Monday, May 30, 2011
Howard Marks Memo: How Quickly They Forget
In January 2004 I received a letter from Warren Buffett (how’s that for name dropping?)
in which he wrote, “I’ve commented about junk bonds that last year’s weeds have
become this year’s flowers. I liked them better when they were weeds.”
Warren’s phrasings are always the clearest, catchiest and most on-target, and I thought
this Buffettism captured the thought particularly well. Thus for Oaktree’s 2004 investor
conference we used the phrase “Yesterday’s Weeds . . . Today’s Flowers” as the title of a
slide depicting the snapback of high yield bonds. It showed the 45% average yield at
which a sample of ten bonds could have been bought during the Enron-plus-telecom
meltdown of 2002 and the 6% average yield at which they could have been sold in 2003;
on average, the yields had fallen by 87% in just thirteen months.
The idea went fullcircle in 2005, when Warren used our slide at the Berkshire Hathaway annual meeting to
illustrate how rapidly things can change in the world of investing.
And that’s the point of this memo. Asset prices fluctuate much more than fundamentals.

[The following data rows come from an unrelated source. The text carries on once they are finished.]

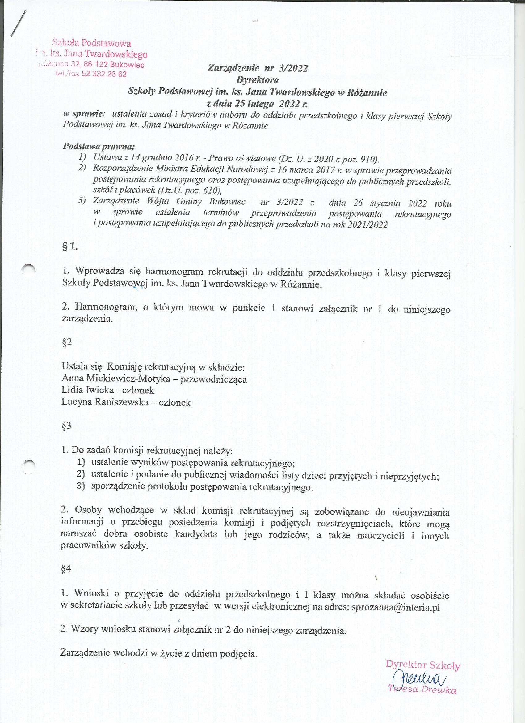 Zarządzenie nr 3/2022 w sprawie zasad naboru do oddziału przedszkolnego
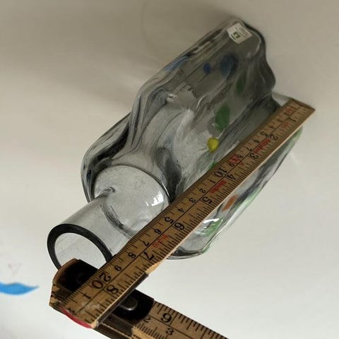 Kosta Boda glasvas med gröna dekorativa inslag. Vasens design innehåller färgat glas och luftbubblor inneslutna i klarglas.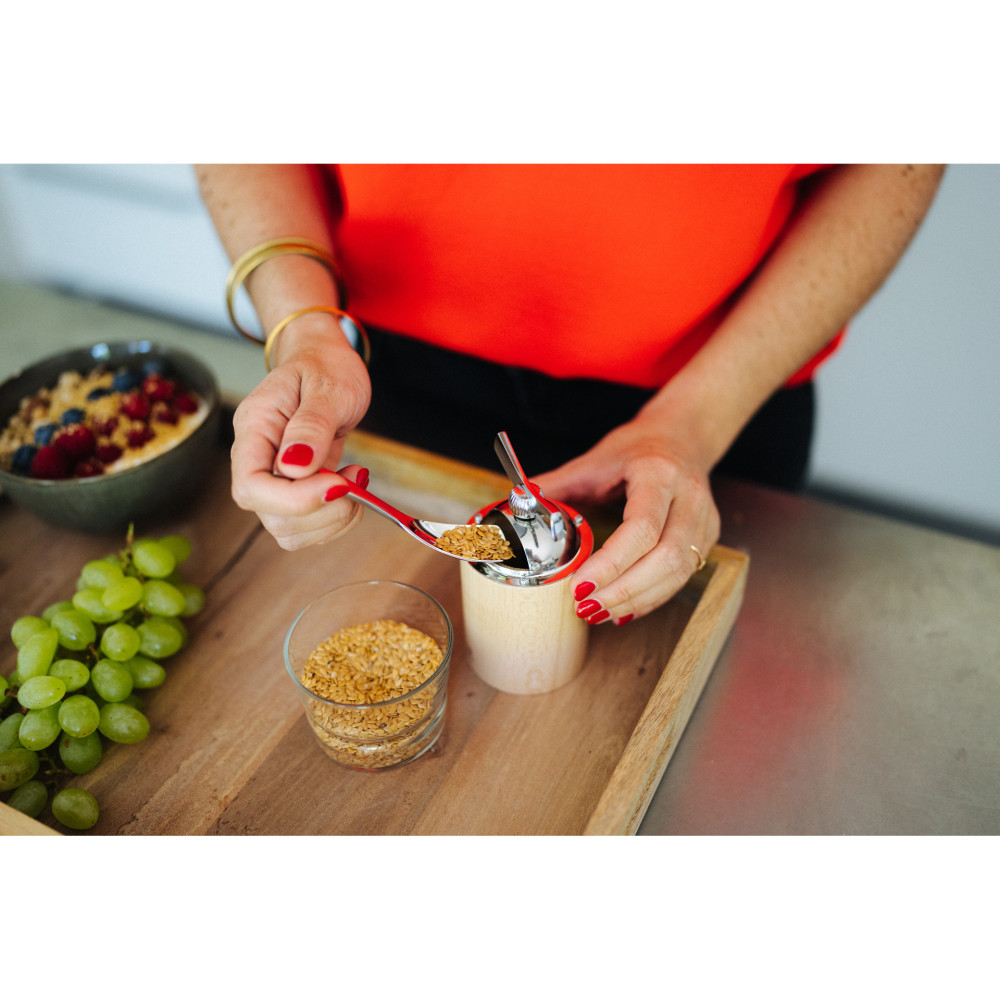 Siemię lniane jest jednym z 10 produktów spożywczych, które są najbogatszym źródłem kwasów omega 3. Doskonale sprawdza się również przy diecie bezglutenowej. Aby w pełni wykorzystać wszystkie właściwości odżywcze siemienia lnianego, należy zmielić nasiona tuż przed spożyciem. Całe nasiona lnu bardzo dobrze przechowują się, jednak przetrzymywanie ich w mielonej formie przez dłuższy czas w kontakcie z powietrzem, temperaturą otoczenia i światłem spowoduje, że będą jełczeć. Dlatego aby w pełni cieszyć się bogactwem omega 3, użyj manualnego młynka Naka, z opatentowanym mechanizmem zaprojektowanym specjalnie do mielenia nasion lnu i sezamu. Mechanizm mielący dostosowany jest do konsystencji i twardości ziaren lnu. Nie nagrzewa się, zatem jest neutralny dla nasion i ich wartości odżywczej. Mechanizm można całkowicie wyjąć z obudowy w celu szybkiego i łatwego czyszczenia. Młynek łatwo się napełnia. Praktyczna przysłona zabezpiecza przed wypadaniem ziaren lnu w trakcie mielenia. Do młynka dołączona jest łyżeczka ze stali nierdzewnej do odmierzania równowartości 5 gramów nasion lnu (zalecana ilość/dzień 5-10 g) oraz szczoteczka do czyszczenia mechanizmu.

This happens because, rather than applying moderation and balancing greed against fear,
euphoria against depression, and risk tolerance against risk aversion, investors tend to
oscillate wildly between the extremes. They apply optimism when things are going well
in the world (elevating prices beyond reason) and pessimism when things are going
poorly (depressing prices unreasonably). Shortness of memory plays a major part in
abetting these swings. If investors remembered past bubbles and busts and their causes,
and learned from them, the swings would moderate. But, in short, they don’t. And they
may be forgetting again.
High yield bonds and many other investment media have once again gone from
being weeds to flowers – from pariahs to market darlings – and it happened in a
startlingly short period of time.
As is so often the case, things that investors wouldn’t
touch in the depths of the crisis in late 2008 now strike them as good buys at twice the
price. The swing of this pendulum recurs regularly and creates some of the greatest
opportunities to lose or gain. Thus we must always be mindful.